We know that, Q = m × Cp × ΔT

Where

m = mass flow rate

Cp = specific heat capacity

ΔT = Temperature difference

Q = (1.5 kg/s) × 4.25 kJ/kg °C × (80 - 45)°CQ = 172.69 kW

As per the problem, 3% of the heat given off by the hot fluid is lost through the heat exchanger.
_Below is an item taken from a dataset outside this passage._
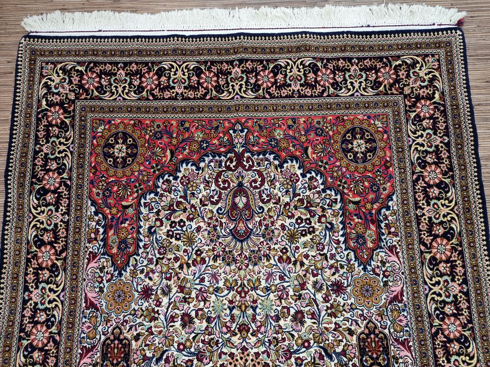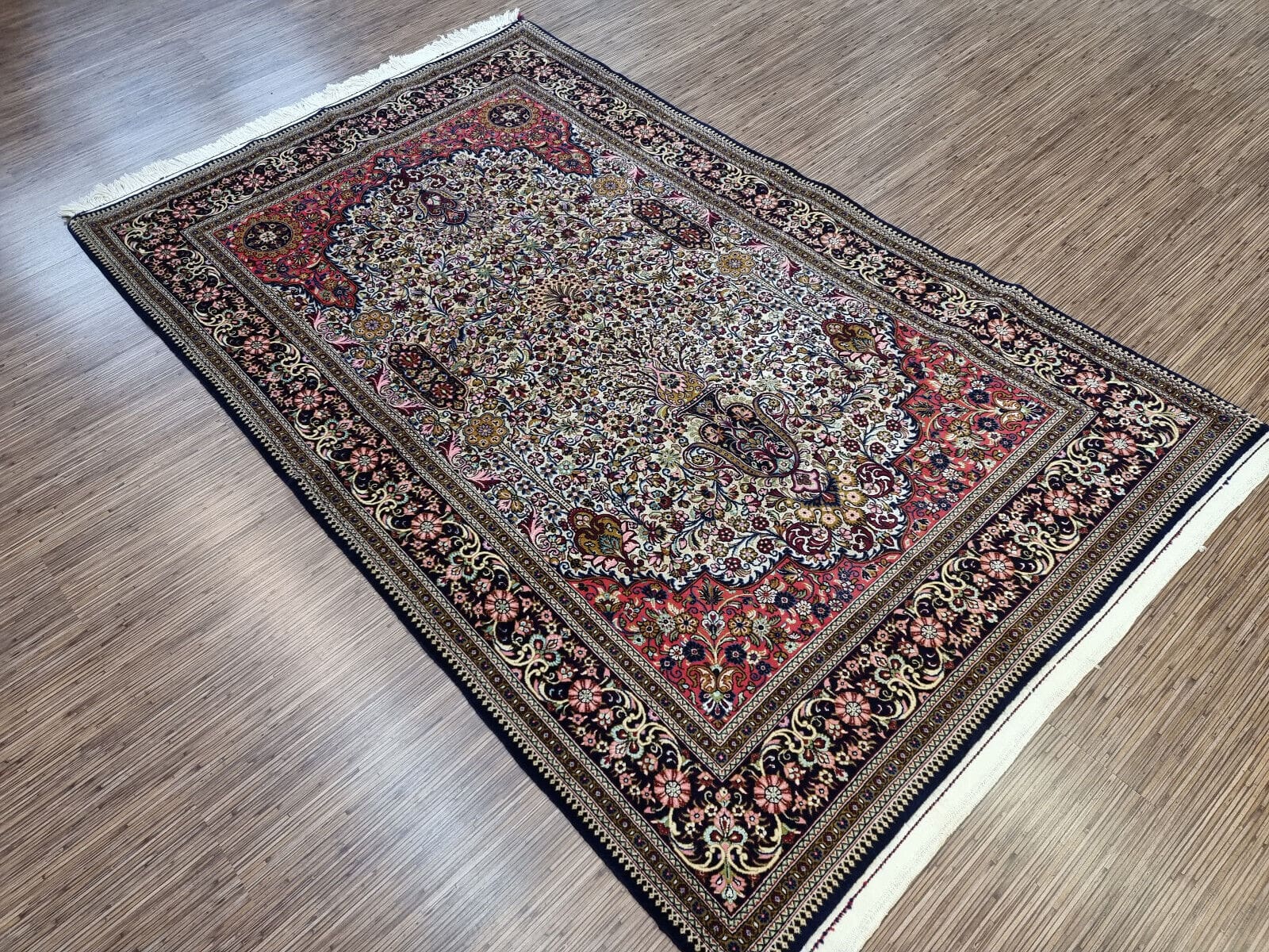 Wunderschöner Original Alter Persischer Ghom | Knotendichte: Handgeknüpft | Material: Korkwolle & Seide auf Baumwolle | Größe: 231×139 cm | Muster: Orientalisch | Zustand: Sehr gut, frisch gewaschen | Ursprung: Persien | Herstellungszeitraum: 1960-1969

Thus, heat loss is 0.03 × 172.69 kW = 5.18 kW

The heat transfer rate to the cold water is given as Q1 = Q - heat loss = 172.69 kW - 5.18 kW= 167.51 kW

To find the logarithmic mean temperature difference for this heat exchanger:

The formula for LMTD is,∆Tlm = (ΔT1 - ΔT2) / ln(ΔT1 / ΔT2)

where

ΔT1 = hot side temperature difference = Th1 - Tc2

ΔT2 = cold side temperature difference = Th2 - Tc1

Tc1 = inlet temperature of cold water = 20°C

Tc2 = outlet temperature of cold water = ?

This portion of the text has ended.